What to produce: Restate every line below word for word, but drop each picture.

Given information:
───

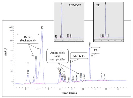 HPLC analysis of AEP-K-FP. The inserts show the elution of the initial AEP-K-FP and free FP.
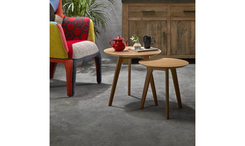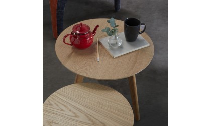 Aporta calidez, diseño y funcionalidad a tu salón con este set de dos mesas auxiliares de madera chapada. Su estilo minimalista y natural las convierte en piezas versátiles, perfectas para acompañar tu sofá, decorar un rincón de lectura o utilizar como soporte para lámparas, plantas o elementos decorativos.
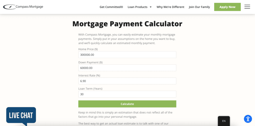Compass Mortgage offers numerous mortgage calculators on its website, including:

───

Task answer:
 HPLC analysis of AEP-K-FP. The inserts show the elution of the initial AEP-K-FP and free FP.
 Aporta calidez, diseño y funcionalidad a tu salón con este set de dos mesas auxiliares de madera chapada. Su estilo minimalista y natural las convierte en piezas versátiles, perfectas para acompañar tu sofá, decorar un rincón de lectura o utilizar como soporte para lámparas, plantas o elementos decorativos.
Compass Mortgage offers numerous mortgage calculators on its website, including:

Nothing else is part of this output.